April 21, 2011 2 Comments
As some of you are likely aware, Amazon is currently experiencing a significant outage in several of its services includes EC2, EBS, and beanstalk. Is this a strike against cloud computing? Or a cautionary tale against making assumptions about a cloud provider’s SLA and your own lack of backup/recovery plans?
While cloud detractors are raising this as a prime example of why the cloud isn’t ready for the enterprise, the real truth here is that this outage is a great example of what happens when you put all your faith in a provider and don’t plan propely. While your provide may be giving you a financially backed SLA… Is being paid back $2,000 for SLA violations acceptable if you’re losing $10,000 an hour due to down services?
Many of the sites/services that are experiencing downtime today were hosted solely at Amazon’s Virginia data center and didn’t have disaster recovery or failover plans. One high profile client (I don’t have permissions to I won’t name names) isn’t having the same issue because they were prepared, they followed Amazon’s published guidance to have redundant copies of their services sitting ready in other facilities to take the load should something happen.
Does this mean you’re doubling your costs? Probably not, as you can (and likely should) have those secondary service sites set up at reduced capacity but prepared to quickly expand/scale to handle load. Its ultimately up to your organization to determine, much like purchasing insurance, how much coverage you need and how quickly they need to be able to adjust. And its precisely this ability to keep it small and scale it up when needed that is one of the cost benefits to the cloud. So you could potentially argue that this model is even supporting the whole argument for cloud computing.

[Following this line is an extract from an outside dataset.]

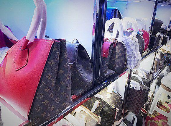 (店内摆着各式仿冒的奢饰品包,最仿真的版本放在VIP室里。摄影:袁浔杰)

As cloud evangelists and supporters, its counseling potential adopters on issues like these that will help us win their confidence when it comes to cloud computing. Even just raising the potential risk can get them to stop looking at us as someone with a sales pitch, and instead view us as an informed partner that wants to help them be successful in this new world. Regardless of which platform they are considering, they need to fully understand what SLA’s mean but more importantly know what the impact is to their business if the vendor violates the SLA, be it for a minute, an hour, or days on end.